_Task prompt_:
All lines from the one containing "Ostereier lassen sich" through the final line of the records below should be reproduced exactly, with the pictures left out.

_Extracted information_:
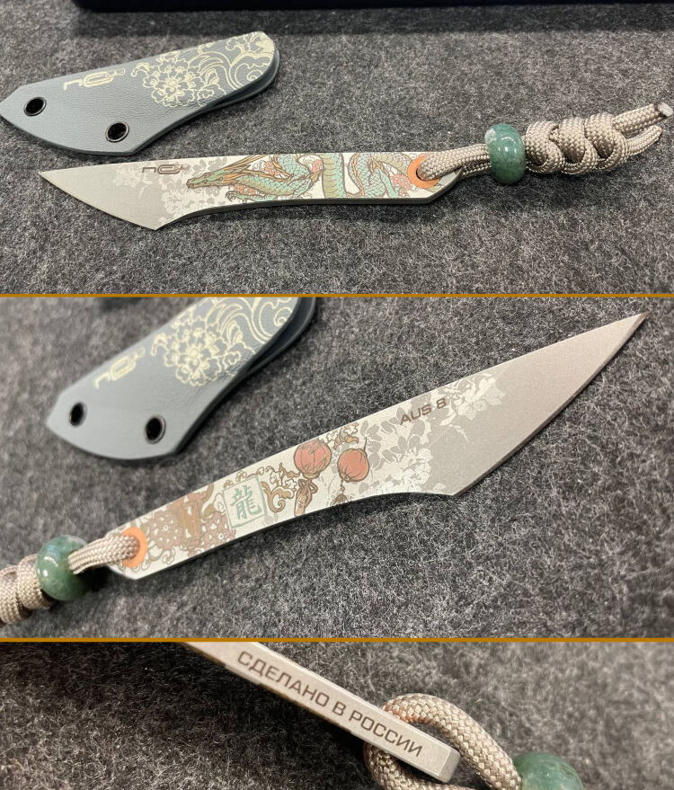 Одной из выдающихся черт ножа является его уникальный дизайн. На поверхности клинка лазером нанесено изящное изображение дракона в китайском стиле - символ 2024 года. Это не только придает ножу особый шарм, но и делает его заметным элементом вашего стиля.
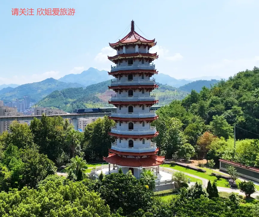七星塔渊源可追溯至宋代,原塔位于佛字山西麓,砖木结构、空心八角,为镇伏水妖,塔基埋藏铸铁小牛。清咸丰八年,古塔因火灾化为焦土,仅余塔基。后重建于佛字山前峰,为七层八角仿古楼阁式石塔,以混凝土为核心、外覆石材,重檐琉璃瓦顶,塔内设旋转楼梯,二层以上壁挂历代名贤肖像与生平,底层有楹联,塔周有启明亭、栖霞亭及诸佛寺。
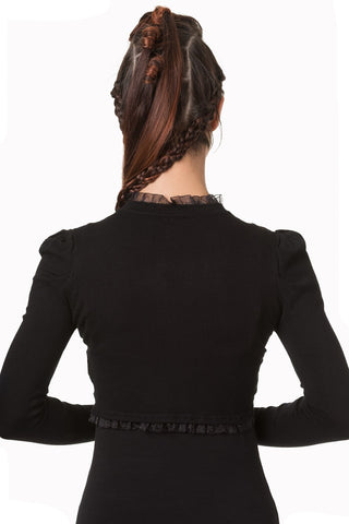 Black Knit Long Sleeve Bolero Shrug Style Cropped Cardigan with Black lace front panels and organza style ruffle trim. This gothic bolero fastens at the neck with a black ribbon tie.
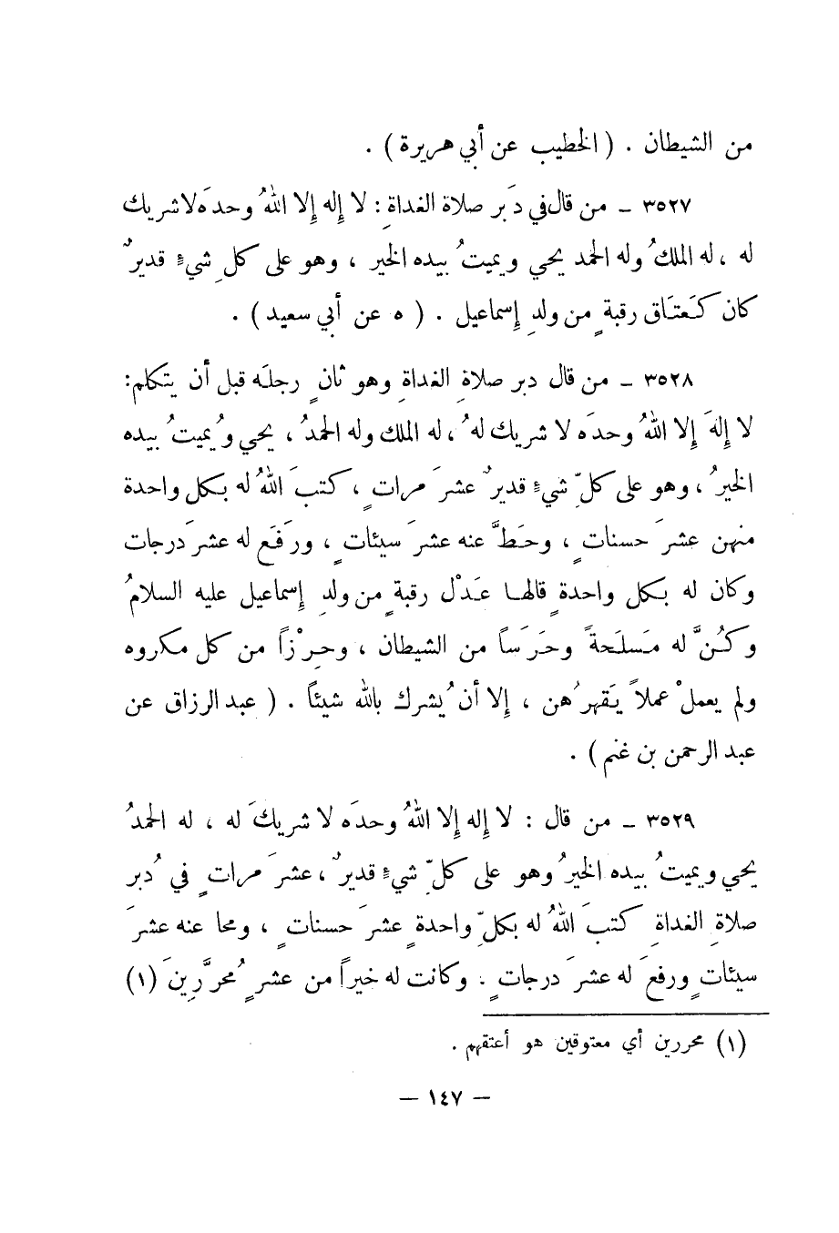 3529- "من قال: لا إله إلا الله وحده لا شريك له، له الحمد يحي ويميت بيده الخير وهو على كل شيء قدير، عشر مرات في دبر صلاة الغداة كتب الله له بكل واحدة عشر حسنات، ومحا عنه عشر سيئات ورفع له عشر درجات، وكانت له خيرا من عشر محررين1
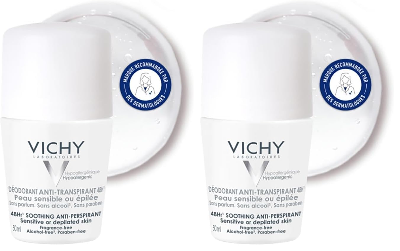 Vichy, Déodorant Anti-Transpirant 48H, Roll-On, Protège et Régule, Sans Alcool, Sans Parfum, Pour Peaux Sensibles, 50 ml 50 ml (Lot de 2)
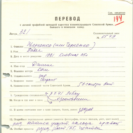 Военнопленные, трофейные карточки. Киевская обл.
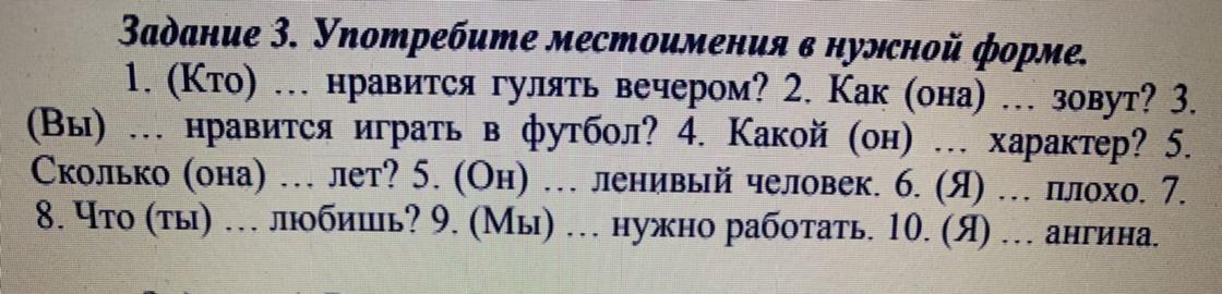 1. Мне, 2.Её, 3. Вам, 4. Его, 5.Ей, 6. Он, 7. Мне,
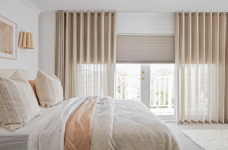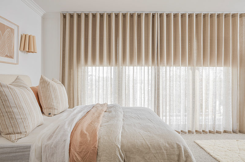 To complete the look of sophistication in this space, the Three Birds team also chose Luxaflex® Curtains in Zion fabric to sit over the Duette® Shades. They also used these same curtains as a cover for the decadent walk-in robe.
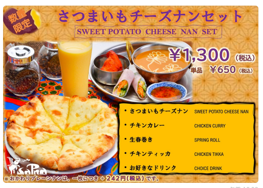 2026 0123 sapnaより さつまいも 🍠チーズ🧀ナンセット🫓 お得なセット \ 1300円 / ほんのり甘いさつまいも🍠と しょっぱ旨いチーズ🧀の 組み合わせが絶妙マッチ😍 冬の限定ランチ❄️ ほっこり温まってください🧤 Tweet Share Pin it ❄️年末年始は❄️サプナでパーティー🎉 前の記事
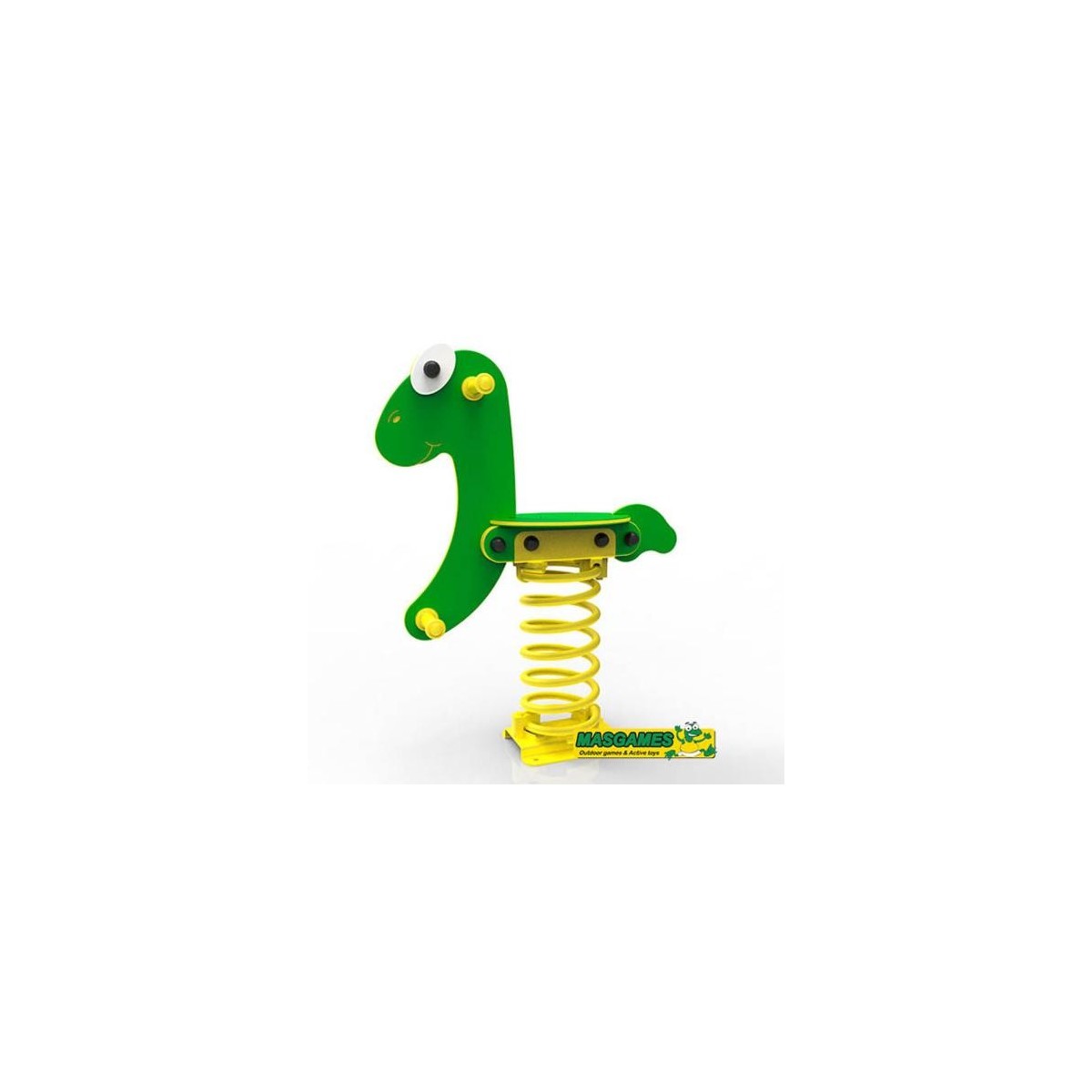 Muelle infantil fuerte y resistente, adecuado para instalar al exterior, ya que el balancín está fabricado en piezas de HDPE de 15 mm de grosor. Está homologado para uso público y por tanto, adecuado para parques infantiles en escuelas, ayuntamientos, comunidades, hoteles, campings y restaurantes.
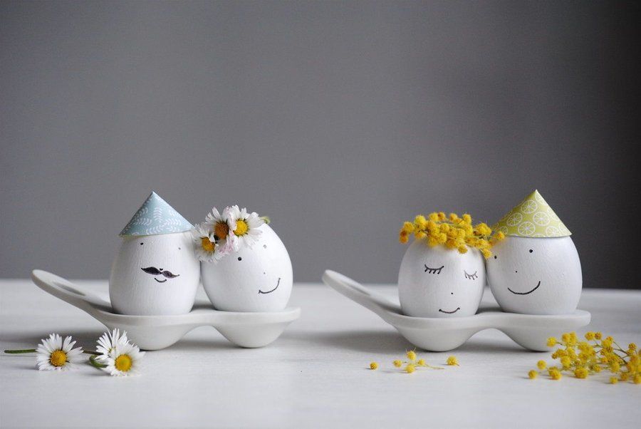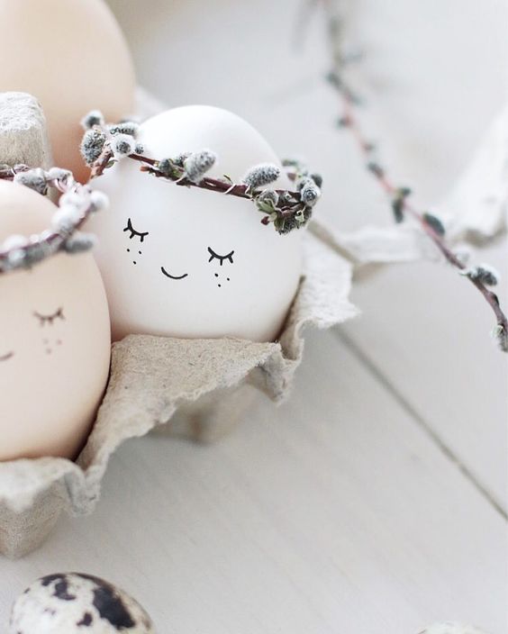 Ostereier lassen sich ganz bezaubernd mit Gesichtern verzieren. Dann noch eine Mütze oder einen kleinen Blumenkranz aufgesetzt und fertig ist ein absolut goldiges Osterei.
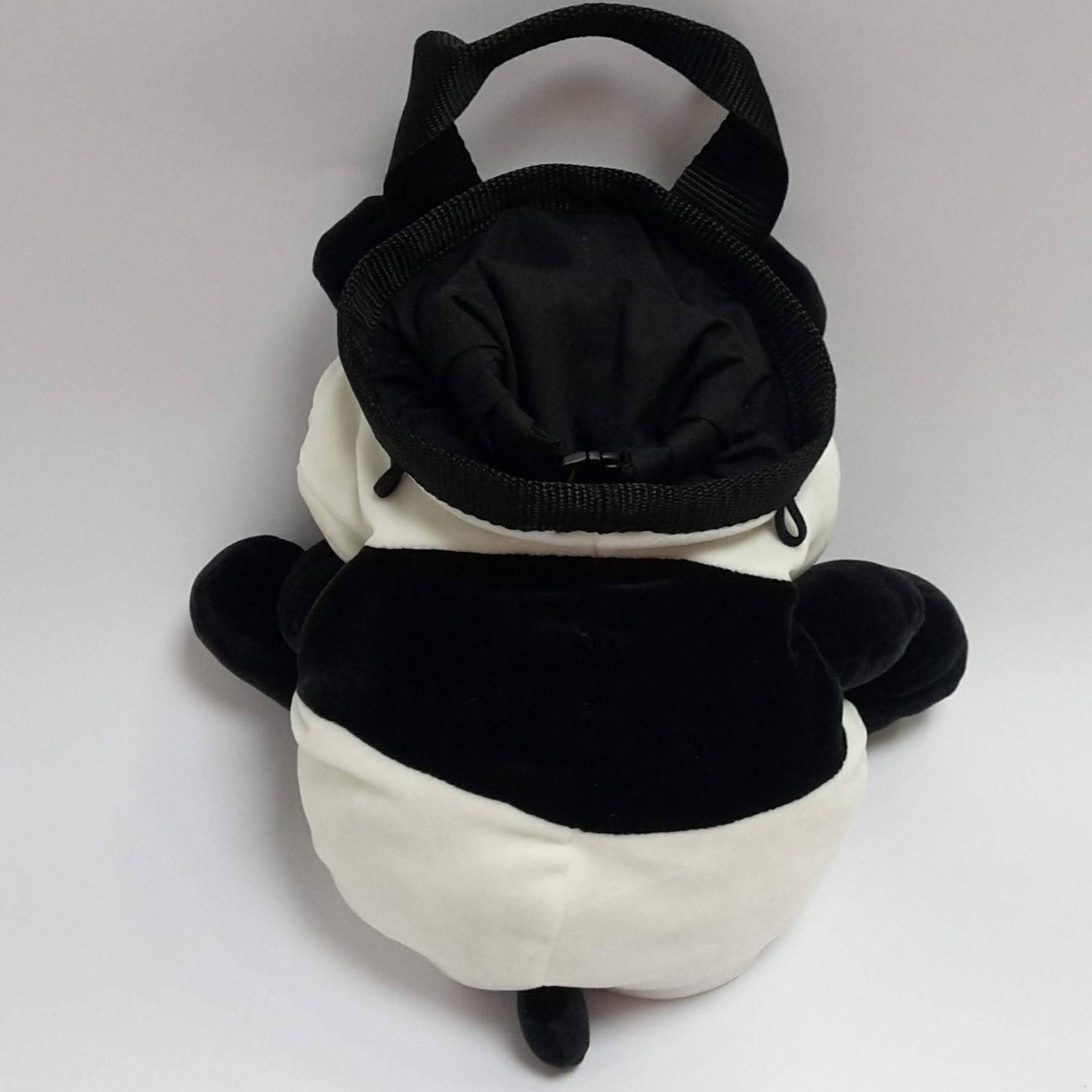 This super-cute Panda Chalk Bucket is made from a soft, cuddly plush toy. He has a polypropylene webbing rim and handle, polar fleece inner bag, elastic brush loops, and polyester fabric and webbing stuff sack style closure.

_Task solution_:
 Ostereier lassen sich ganz bezaubernd mit Gesichtern verzieren. Dann noch eine Mütze oder einen kleinen Blumenkranz aufgesetzt und fertig ist ein absolut goldiges Osterei.
 This super-cute Panda Chalk Bucket is made from a soft, cuddly plush toy. He has a polypropylene webbing rim and handle, polar fleece inner bag, elastic brush loops, and polyester fabric and webbing stuff sack style closure.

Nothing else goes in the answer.